The Arts Council of Northern Ireland has welcomed an additional £15.5 million from the Department of Culture, Arts and Leisure towards supporting arts facilities in the capital but warned of inadequate resources to meet operational costs across the province.
ACNI chairperson Rosemary Kelly said that improved arts facilities were essential to the social and economic regeneration of Belfast and that this was highlighted in the city’s failure to progress in its bid to be European Capital of Culture in 2008.
However, she stressed that the concurrent reduction in the arts council’s own annual grant-in-aid allocation from central government, announced in the latest budget, meant that finding the resources to meet the operational costs of these facilities would require further consideration.
Kelly said: “There is already a concerning disparity in terms of spending per head of population on the arts in Northern Ireland and the rest of the UK, and the gulf is widening. This is a sad state of affairs, because it is not just our arts that will suffer but our whole society will lose out.

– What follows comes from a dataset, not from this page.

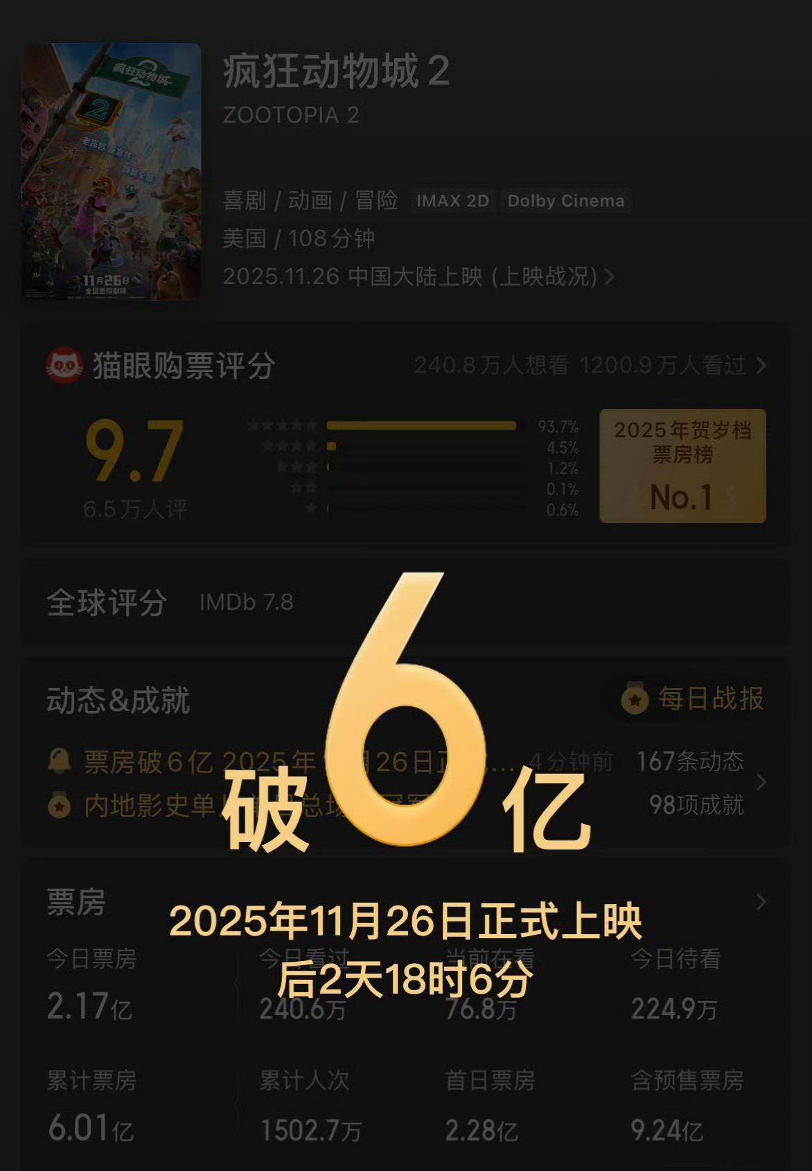 迪士尼电影的《疯狂动物城2》内地上映票房2天破6亿了,截止目前明天预售已经2.7亿了,感觉可以冲击3亿啊,明天单日票房5亿不是梦。 只能说今年全球电影市场都是动画片的天下,只能怪真人电影的质量太差了, 《哪吒》和《疯狂动物城2》证明了让不是电影市场不行,是电影导演没有好作品。

“The arts council will do everything within its power to safeguard its clients against the full impact of these economy savings and, at least in the short term, we are fortunate to have our Lottery resource to draw upon.”

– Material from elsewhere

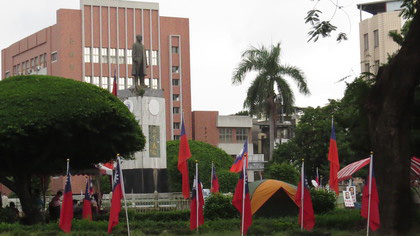 湯德章紀念公園內的孫文銅像,26日下午守護民眾將撤場。(圖片取自臺媒)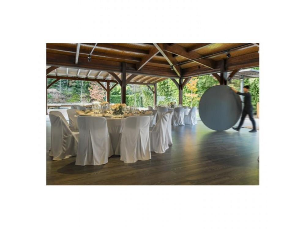 Der klappbare Banketttisch PLANET 150 ist aus Stahl mit Pulverbeschichtung. Die Tischplatte ist aus hochdichtem Polyethylen gefertigt.

Despite the strong opposition of the arts community to the reduction of arts spending proposed in the draft budget for Northern Ireland, Treasury support for arts bodies will fall by £1.5 million during the financial period 2005 to 2008. From April 2005 the arts council’s budget allocation from central government, already squeezed at £11,052,000 will be reduced to £10,780,000.

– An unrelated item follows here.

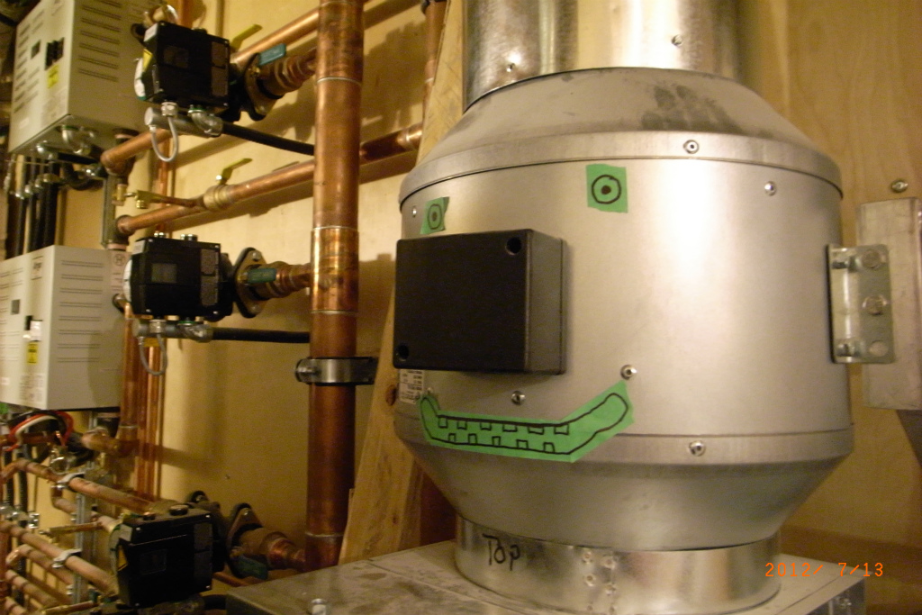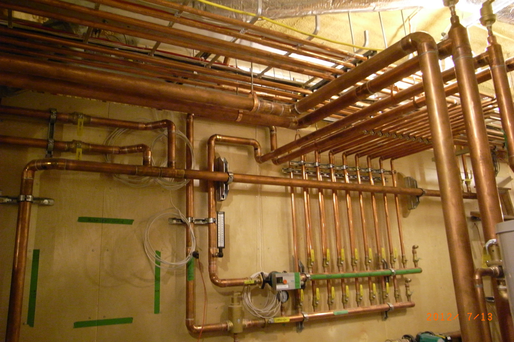 この建物はgeothermal(地熱)を利用して冷暖房をするそうで、機械室は数えきれないパイプが張り巡らされています。

A recent study of the creative economy in Northern Ireland shows that the sector supports 29,000 jobs in Northern Ireland and contributes an annual turnover of £900 million to the economy. Research carried out by by ACNI showed that every £1 of arts council subsidy for the Ulster Orchestra generates a direct and indirect spend of £2.41, and for the Grand Opera House £5.23.
In a letter to Ian Pearson, the minister responsible for the Department of Finance and Personnel for Northern Ireland, Kelly said: “Any reduction to our resources will profoundly impinge upon our ability to deliver an adequate level of support for our arts practitioners. In the short and long term, even a moderate reduction of Treasury funds will affect front line services.
“It will threaten the survival of many small, yet significant, arts organisations that have been operating on tight margins. It will impact upon the quality and quantity of locally produced writing, theatre, dance, music and visual arts. It will impede the development of under resourced areas of the arts, such as dance.”